Lorsque nous l’avons contactée, Rihab Hdidou a souhaité apporter des clarifications à ce sujet : "Nous avons d’abord posé une option sur le bateau en 2013 et l’avons présenté à la métropole dans la foulée ; personne ne nous parlé du manque d’emplacements. À aucun moment, nous n’avons fait les choses à l’envers : on ne demande pas un emplacement sans bateau ! C’était une garantie pour monter notre dossier, montrer que nous étions des gens sérieux. Depuis 2014, nous avons sollicité des dizaines de rendez-vous auprès de la mairie, je ne comprends pas pourquoi ils ont attendu aussi longtemps pour nous répondre. Nous n’aurions jamais avancé si nous avions imaginé que le projet serait refusé."

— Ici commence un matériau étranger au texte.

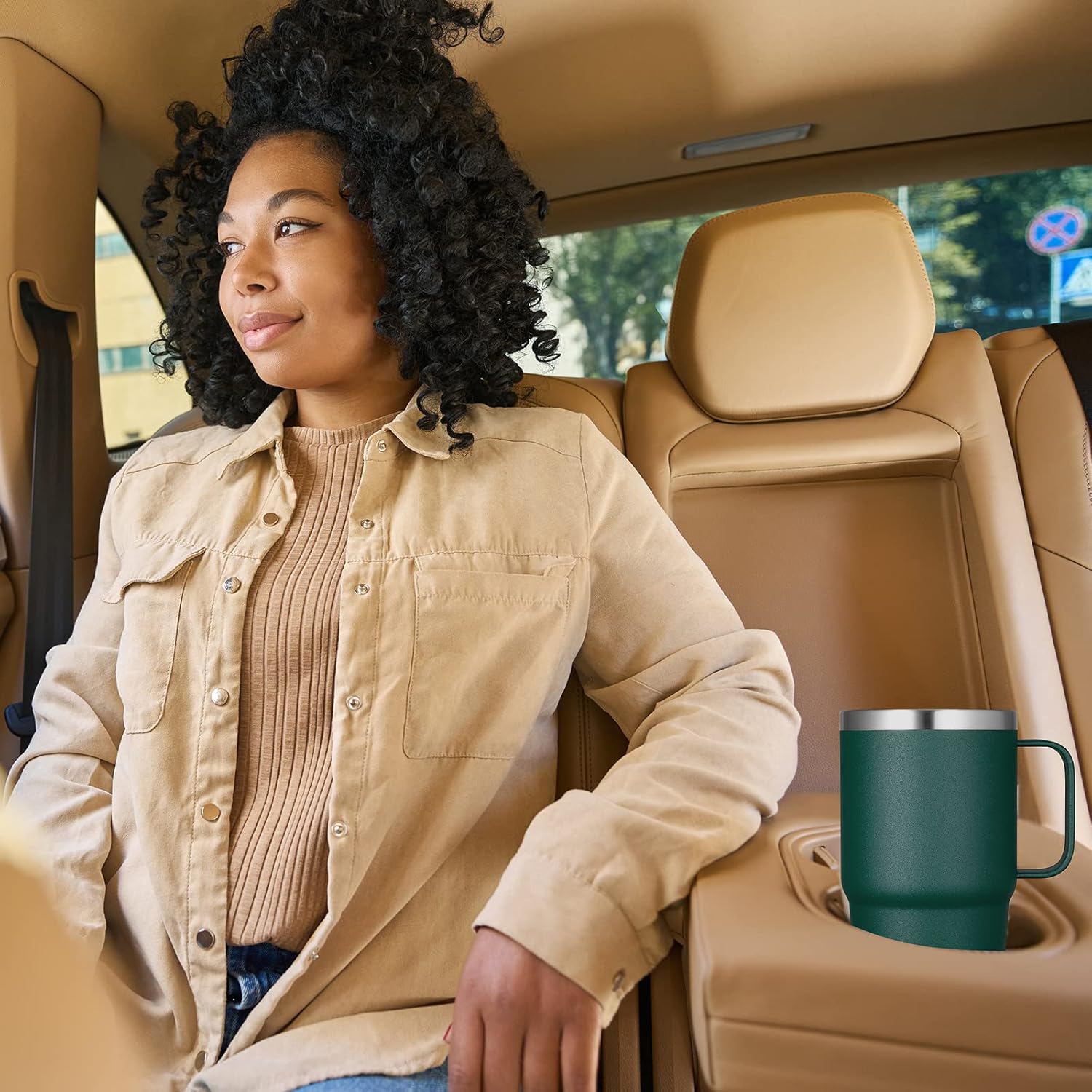 • Cupholder Friendly: The travel coffee tumbler 20oz is designed with a tapered shape which fits most car cup holders, equipped with a sturdy handle that allows easy carrying. Diameter 3.38" large cup mouth makes it easier for you to clean the stainless steel mug
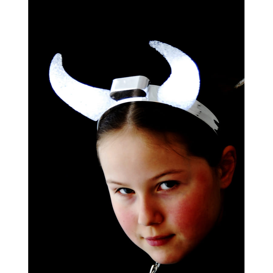 Serre-tête monté d'une paire de cornes LED lumineuses et clignotantes pour garçon ou fille. Lors de la commande, vous aurez la possibilité de choisir entre le modèle blanc ou le bleu. Cet accessoire est idéal pour déguiser votre enfant en parfait petit démon pour Halloween.
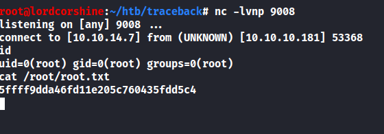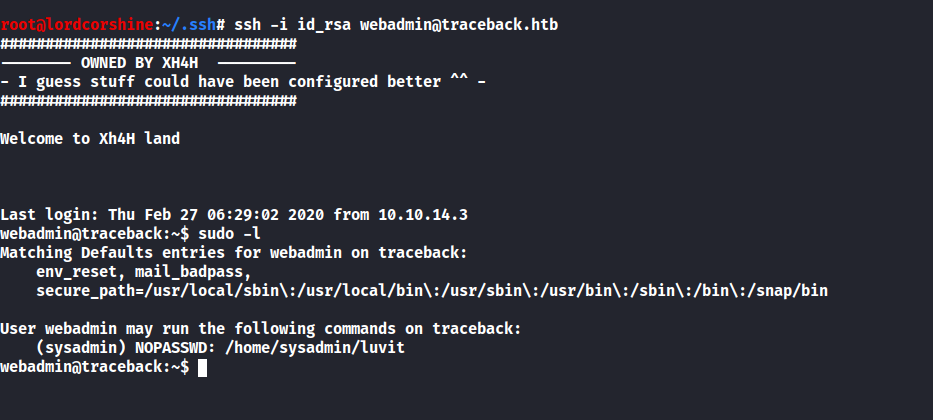 root@lordrhovelionz:~/htb/traceback# scp -i ~/.ssh/id_rsa nc sysadmin@traceback.htb:/tmp
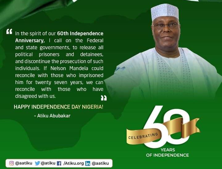 As such, in the spirit of our 60th Independence Anniversary, I call on the Federal and state governments, to release all political prisoners and detainees, and discontinue the prosecution of such individuals. If Nelson Mandela could reconcile with those who imprisoned him for twenty seven years, we can reconcile with those who have disagreed with us.
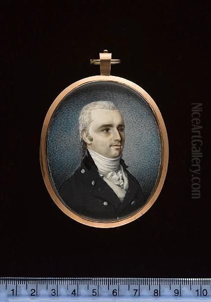 A Gentleman, Wearing Black Coat, White Spotted Waistcoat, Frilled Chemise And White Stock, His Hair Powdered.
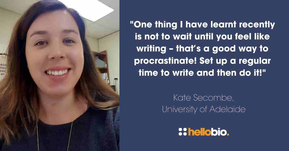 Kate Secombe, PhD Candidate from the University of Adelaide shared her thoughts on combating procrastination: “One thing I have learnt recently is not to wait until you feel like writing – that’s a good way to procrastinate! Set up a regular time to write and then do it!”
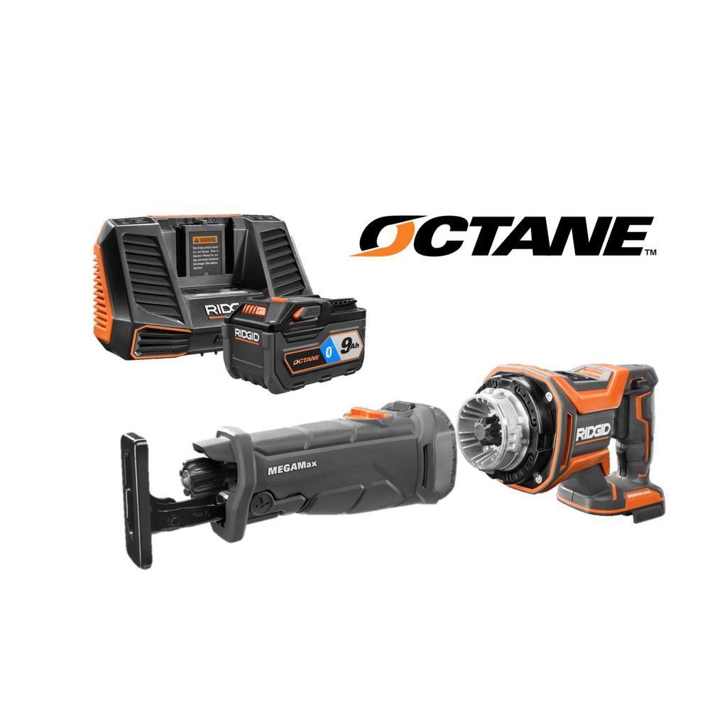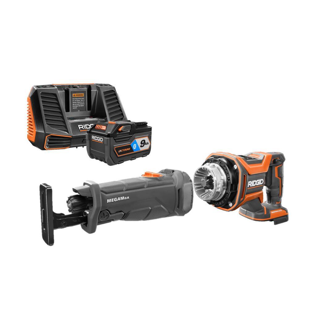 RIDGID introduces the 18-Volt OCTANE Brushless MEGAMax Power Base with MEGAMax Reciprocating Saw Attachmnet Head, 18-Volt OCTANE 9.0 Ah Lithium Battery, and Charger. The OCTANE MEGAMax Power Base features high performance brushless motors and advanced electronics that provide best-in-class power and intelligence. The MEGAMax family is the industry's most powerful interchangeable tool system. This Power Base automatically recognizes each Attachment Head and configures the settings to match. The OCTANE MEGAMax Reciprocating Saw Attachment Head features 4 directional head positions to allow the user to optimize ergonomics based on the application and the Sight Line Blower directs debris away from the cut line for increased visibility. With registration, this kit is backed by the Industry's Only Lifetime Service Agreement: FREE Parts. FREE Service. For LIFE. This set includes an 18-Volt OCTANE Brushless MEGAMax Power Base, an OCTANE MEGAMax Reciprocating Saw Attachment Head, an 18-Volt OCTANE 9.0 Ah Lithium-Ion Battery, an 18-Volt Charger, and operator's manuals.

Du côté de la mairie, on évoque un "forcing". Roland Bernard ajoute qu’une réputation de mauvais payeur précède Mona Van Cocto. "On parle d'embauches illégales, de salaires non versés, d'artistes non payés […] Impossible de favoriser un projet pas clean." Rihab Hdidou rétorque que Van Cocto n’a jamais été le gestionnaire des autres lieux qu’il détient. "Mona est à l’origine des projets, il intervient au niveau de la levée de fonds, mais il n’a jamais eu de lien direct avec la gestion des lieux. Le Razzle, comme le Batofar ou l'I.BOAT, est exploité par une équipe indépendante et autonome." Et d’ajouter que le vaisseau lyonnais s’apprêtait à signer 30 contrats en CDI. "Tout ce que nous souhaitons, c’est débloquer la situation, ajoute-t-elle. Nous sommes dans une démarche d’apaisement et de conciliation."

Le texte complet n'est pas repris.